(Data segment begins)
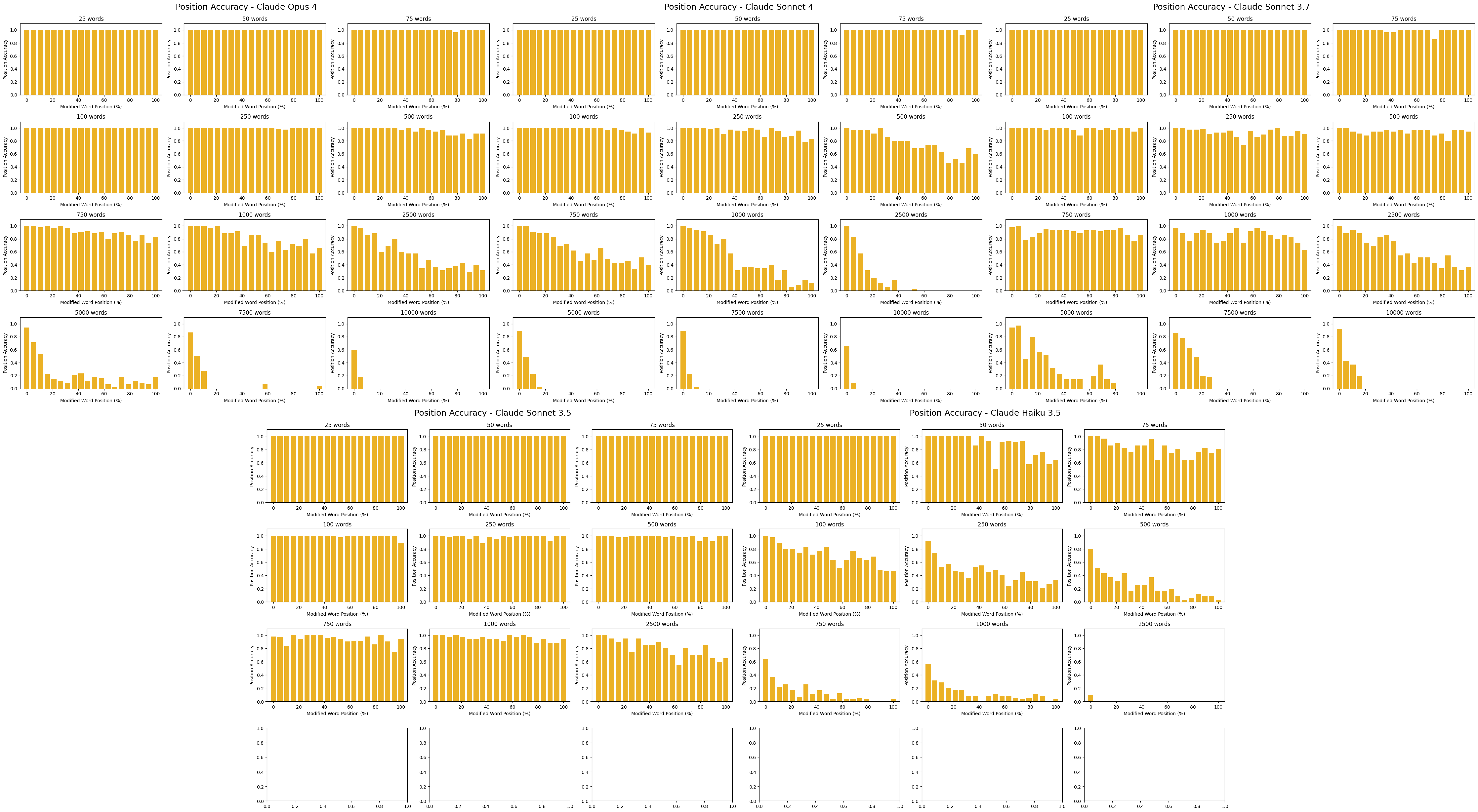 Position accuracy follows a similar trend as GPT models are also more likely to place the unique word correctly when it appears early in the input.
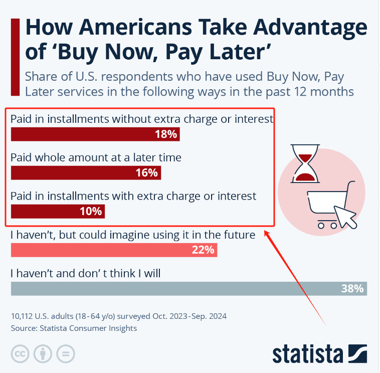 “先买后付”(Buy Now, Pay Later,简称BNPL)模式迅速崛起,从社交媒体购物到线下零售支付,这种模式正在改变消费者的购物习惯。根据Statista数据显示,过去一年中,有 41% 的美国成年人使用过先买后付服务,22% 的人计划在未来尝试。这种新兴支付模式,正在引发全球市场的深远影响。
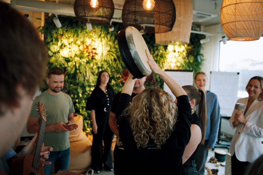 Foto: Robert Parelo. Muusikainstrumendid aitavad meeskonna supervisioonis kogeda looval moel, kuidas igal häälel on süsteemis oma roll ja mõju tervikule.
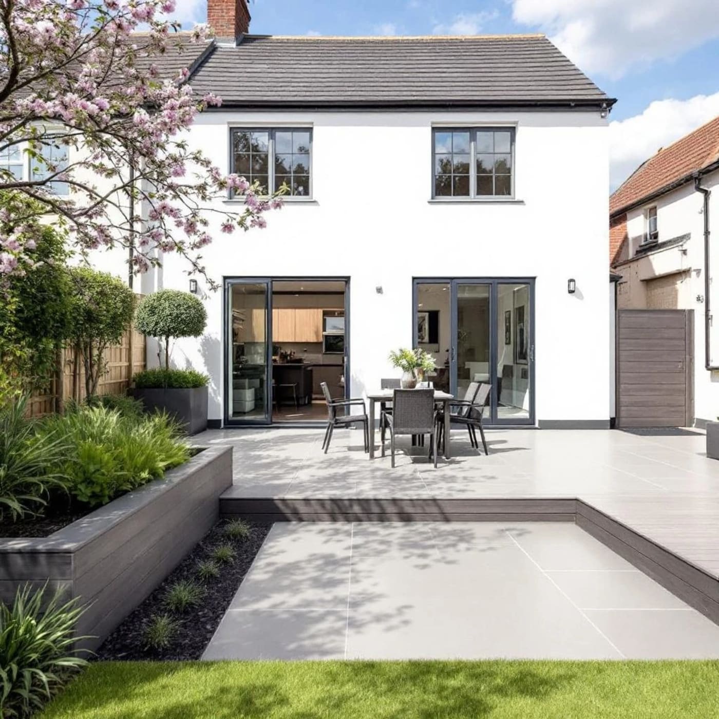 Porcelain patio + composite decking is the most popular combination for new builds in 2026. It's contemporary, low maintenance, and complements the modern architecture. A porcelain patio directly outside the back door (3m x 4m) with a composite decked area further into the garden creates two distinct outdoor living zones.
(Data segment ends)
**Exercise goal:**
Go through the data above and print exactly the lines from its first line through the line holding "41% 的美国成年人使用过先买后付服务,22% 的人计划在未来尝试。这种新兴支付模式,正在引发全球市场的深远影响。", both included, leaving pictures aside.

**Result of the exercise:**
 Position accuracy follows a similar trend as GPT models are also more likely to place the unique word correctly when it appears early in the input.
 “先买后付”(Buy Now, Pay Later,简称BNPL)模式迅速崛起,从社交媒体购物到线下零售支付,这种模式正在改变消费者的购物习惯。根据Statista数据显示,过去一年中,有 41% 的美国成年人使用过先买后付服务,22% 的人计划在未来尝试。这种新兴支付模式,正在引发全球市场的深远影响。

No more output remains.